Um espaço pluridisciplinar de formação

Em entrevista à Revista Business Portugal, o Professor Álvaro Garrido, diretor da Faculdade de Economia da Universidade de Coimbra, falou-nos dos novos desafios que o ensino superior enfrenta, perante uma situação totalmente inédita na história recente da Universidade.

 

Álvaro Garrido, Diretor

Depois de perceber a real ameaça que enfrentamos, como se estruturou a FEUC?

Prestes a cumprir cinquenta anos de vida, a FEUC viveu durante os últimos meses uma experiência única, de grande dureza existencial, uma situação distópica. A suspensão das atividades académicas presenciais, decidida, e bem, pelo Reitor da UC a 9 de março, foi o início de um longo caminho cujas circunstâncias persistem em pleno mês de julho, dado que o risco de contágio da pandemia não consente, ainda, um regresso desprevenido ao ensino e avaliações presenciais.

A resposta da comunidade FEUC foi muito positiva. Quero destacar a generosidade e capacidade de adaptação dos docentes e dos estudantes a um ensino remoto ditado por condições de emergência para o qual ninguém estava preparado. Todos os professores trabalharam muito durante este semestre, foram mais professores do que investigadores, diversificaram os métodos de ensino, apelaram a metodologias participativas e procuraram garantir as aprendizagens com a solidez possível. Para uns foi uma experiência de empobrecimento pedagógico, para outros foi uma descoberta de métodos alternativos e de novas competências que não deixarão de ficar para o futuro próximo. Devo salientar que a taxa de assiduidade dos estudantes foi muito elevada, confirmando a coesão pedagógica da FEUC e a tradição que tem de oferecer uma qualidade de ensino apurada e bem apoiada pelos Serviços. A FEUC organizou-se bem organizando as aulas e demais atividades académicas à distância e limitando ao mínimo os serviços presenciais. O cumprimento rigoroso dos protocolos sanitários e recomendações da UC teve um balanço altamente positivo, mas ficou a memória de uma Faculdade sem alunos. Sem vida, sem ruído. Não gostaríamos de repetir.

 

O que julga ser necessário fazer, no sentido de auxiliar as Universidades portuguesas?

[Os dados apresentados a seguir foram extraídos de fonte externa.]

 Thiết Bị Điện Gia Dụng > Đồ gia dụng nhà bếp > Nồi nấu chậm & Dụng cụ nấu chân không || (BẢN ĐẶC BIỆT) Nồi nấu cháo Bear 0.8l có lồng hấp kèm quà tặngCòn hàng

A Universidade enquanto instituição e player fundamental do desenvolvimento do país, foi um pouco esquecida nos debates sobre a contingência que surgiram na sociedade portuguesa e sobre os planos de recuperação a promover daqui em diante, nomeadamente sobre o plano de recuperação que esperamos da União Europeia. Como ponto positivo, destaco a boa resposta reativa e adaptativa que a comunidade académica conseguiu dar, dando prova de uma admirável flexibilidade e voluntarismo, e saliento o regresso, que se saúda, de alguns debates sobre filosofias de ensino e pedagogia universitária. Foi interessante, também, verificar que algumas instituições universitárias e do ensino politécnico ajudaram a construir soluções tecnológicas e outras para combater a pandemia. Mas essas foram as faces visíveis do impacto imediato da COVID e dos planos de contingência sobre a Universidade.

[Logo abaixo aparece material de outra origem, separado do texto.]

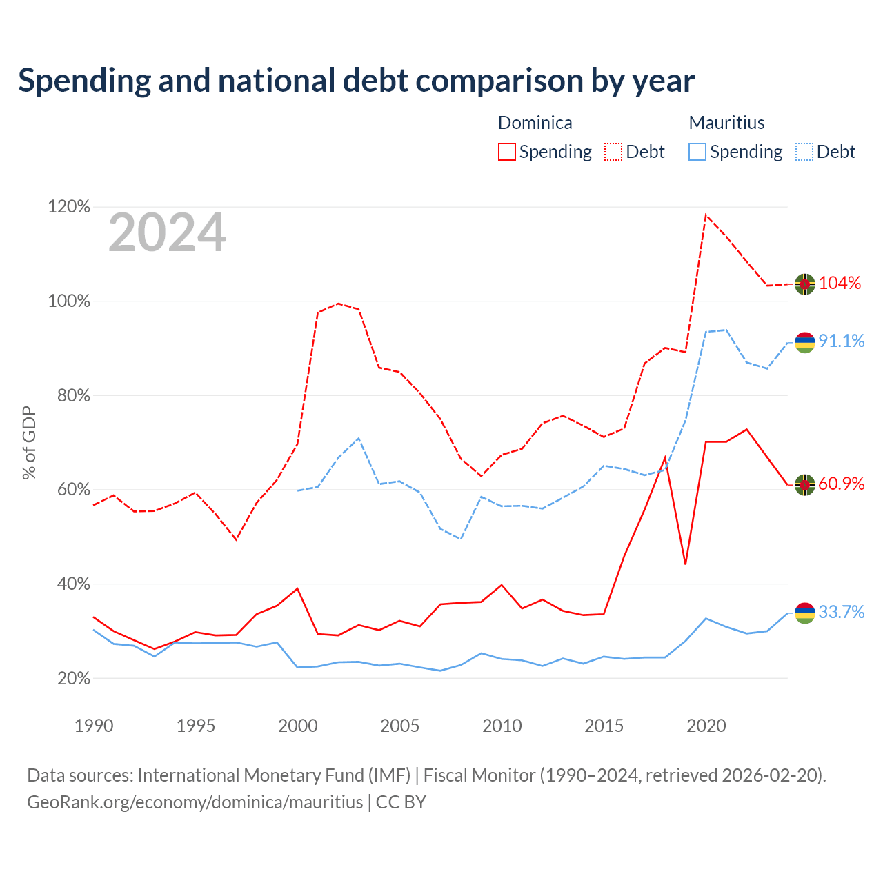 Dominica has $713M in government debt (103.5% of GDP), compared to $13.6B (91.1% of GDP) in Mauritius.

Menos visíveis e mais silenciosos foram os problemas sociais, económicos e humanos que muitos estudantes experimentam e começaram a viver devido às circunstâncias difíceis que a pandemia gerou. A curto prazo, há um problema grave de ação social – uma crise social, diríamos – nas populações de estudantes das Universidades públicas que exige mais financiamento público, programas de bolsas de estudo e outros dispositivos de combate às desigualdades de forma a combater o abandono escolar, o insucesso e a exclusão.

A curto prazo, vamos ter ainda um problema orçamental acrescido, dada a quebra que se regista na procura de cursos de pós-graduação, nomeadamente por parte de estudantes brasileiros, cuja situação económica é muito difícil, sobretudo devido à desvalorização do real relativamente ao euro.

 

Sendo a FEUC uma das unidades orgânicas da UC com maior tradição internacional e tendo a Covid-19 condicionado a mobilidade, como anteveem o próximo ano letivo?

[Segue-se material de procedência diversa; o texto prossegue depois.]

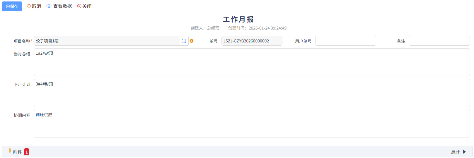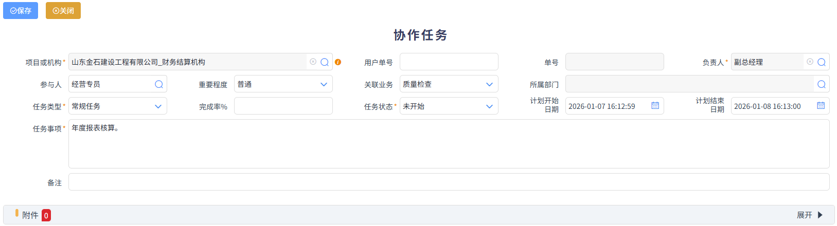 協(xié)作任務(wù)可以是領(lǐng)導(dǎo)下達(dá)任務(wù),需要負(fù)責(zé)或參與人完成,或者發(fā)起人任務(wù)切需要其他人來協(xié)作完成的單據(jù),如下圖所示,可以體現(xiàn)任務(wù)事項(xiàng)、負(fù)責(zé)人、參與人、關(guān)聯(lián)業(yè)務(wù)、任務(wù)狀態(tài)、計(jì)劃開始和結(jié)算日期等,

Além do que referi, o processo mais ansioso que se vive nas Universidades reside no ansiado regresso ao ensino presencial, ainda que em condições restritivas e salvaguardando a saúde e segurança de todos.

Boa parte das Universidades portuguesas, e a UC em particular, estão organizadas para oferecer e praticar ensino presencial. Em meu entender, devemos ter algum sentido crítico e moderação relativamente a um certo encantamento com as vantagens do “ensino à distância”. Perde-se muito numa aula de ensino remoto relativamente ao que se ganha, ainda que esse balanço varie consoante as áreas e os interlocutores. Um bom professor, em cujas aulas os alunos gostam de estar e participar, beneficia imenso os estudantes se puder estabelecer um contacto físico na sala de aula. Mas também devemos evitar declarações demagógicas que tendem a reivindicar o regresso imediato ao ensino presencial tal como antes o fazíamos.

A nossa tradição de mobilidade de estudantes, nomeadamente no âmbito do programa Erasmus é efetiva. Em 2019 tivemos estudantes de mais de cinquenta países! Neste momento, as dificuldades de antever a realidade que teremos no próximo ano relativamente à mobilidade de estudantes ainda são significativas, mas os números que temos são mais positivos do que seria de esperar no contexto da pandemia.

 

A FEUC tem ainda uma forte aposta na relação entre o ensino, a investigação e o tecido social e empresarial da região. Que desafios esperam encontrar agora?

A FEUC cultiva um projeto de educação pública capaz de equilibrar as vertentes do ensino e da investigação. É fundamental saber manter esse equilíbrio.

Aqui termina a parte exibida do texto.